* Your task
The records that follow need to be printed exactly. Leave out each image.

--- START ---

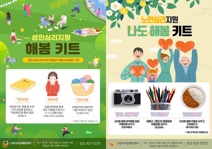 비대면 자살예방서비스 확대의 일환으로 마련된 「해봄 심리지원키트」는 성인용과 노인용 두 가지로 구성되어 있으며 격월로 3회 제공된다.
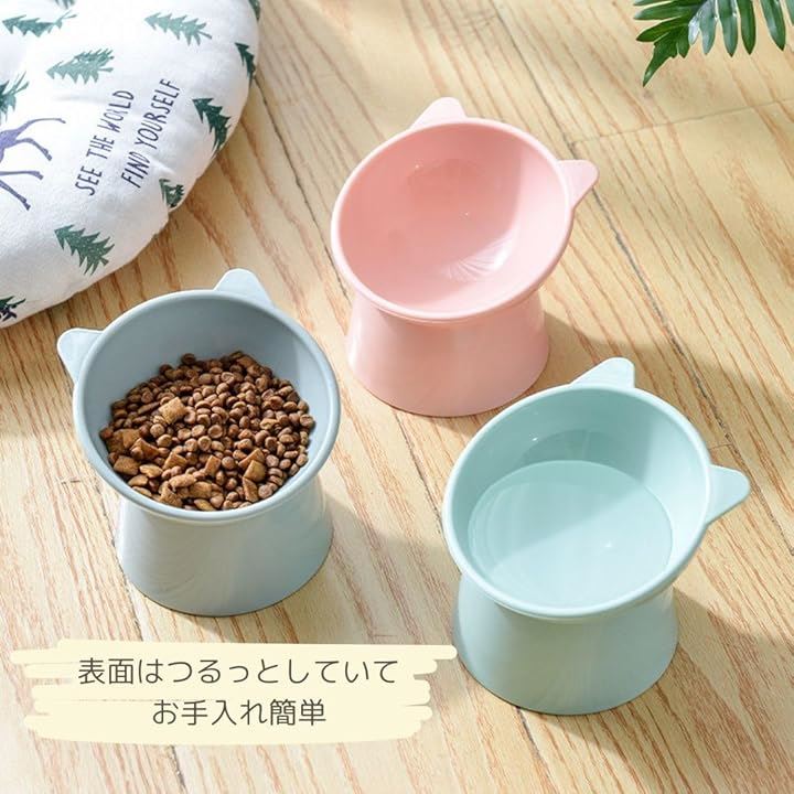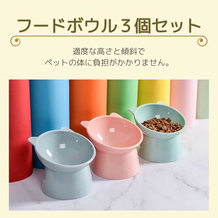 ペット フード ボウル 食器 餌 お水 入れ 皿 3色 セット 高架 犬 猫 食べやすい 斜め
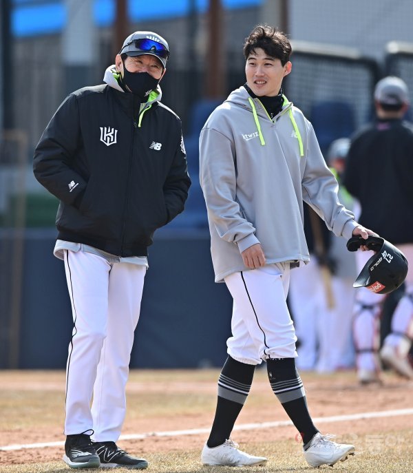 8일 부산 기장현대차드림볼파크에서 열린 KT 위즈의 2022 스프링캠프에서 KT 이강철 감독이 배정대와 이야기하고 있다.
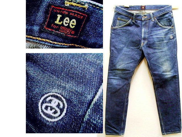 > ◇即決[W34]サンプル級の鬼ヒゲ STUSSY Lee 別注 星 スター 刺繍 14.4oz 限定 コラボ スリム STUSSY REG デニム LB0009 パンツ■5086
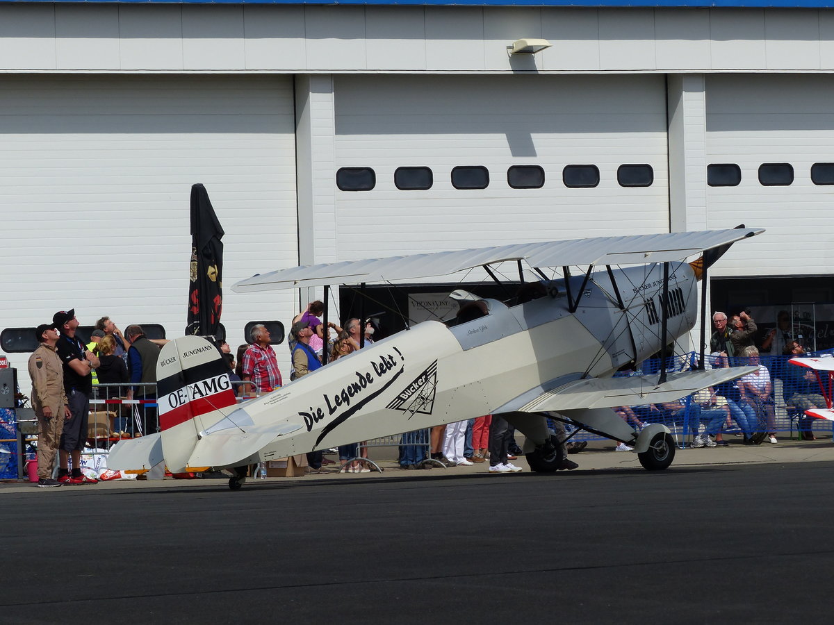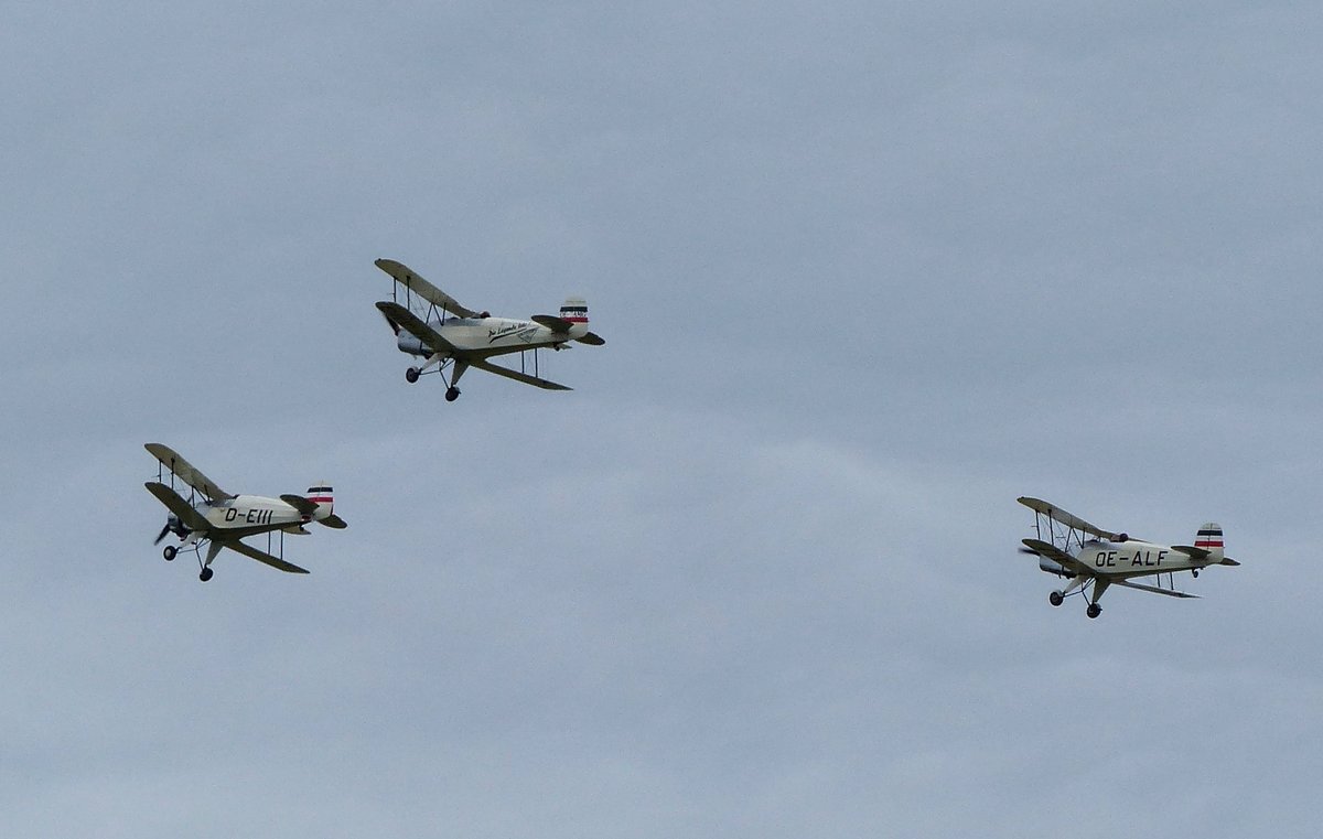 Bücker Bü 133 Jungmeister, D-EIII und die beiden Bücker Bü 131 Jungmann, OE-AMG und OE-ALF beim Wettbewerb der Vintage Aerobatic World Championship am 17.8.2019 in Gera (EDAJ) Mario Ulbricht

--- END ---

* Task response
 비대면 자살예방서비스 확대의 일환으로 마련된 「해봄 심리지원키트」는 성인용과 노인용 두 가지로 구성되어 있으며 격월로 3회 제공된다.
 ペット フード ボウル 食器 餌 お水 入れ 皿 3色 セット 高架 犬 猫 食べやすい 斜め
 8일 부산 기장현대차드림볼파크에서 열린 KT 위즈의 2022 스프링캠프에서 KT 이강철 감독이 배정대와 이야기하고 있다.
 > ◇即決[W34]サンプル級の鬼ヒゲ STUSSY Lee 別注 星 スター 刺繍 14.4oz 限定 コラボ スリム STUSSY REG デニム LB0009 パンツ■5086
 Bücker Bü 133 Jungmeister, D-EIII und die beiden Bücker Bü 131 Jungmann, OE-AMG und OE-ALF beim Wettbewerb der Vintage Aerobatic World Championship am 17.8.2019 in Gera (EDAJ) Mario Ulbricht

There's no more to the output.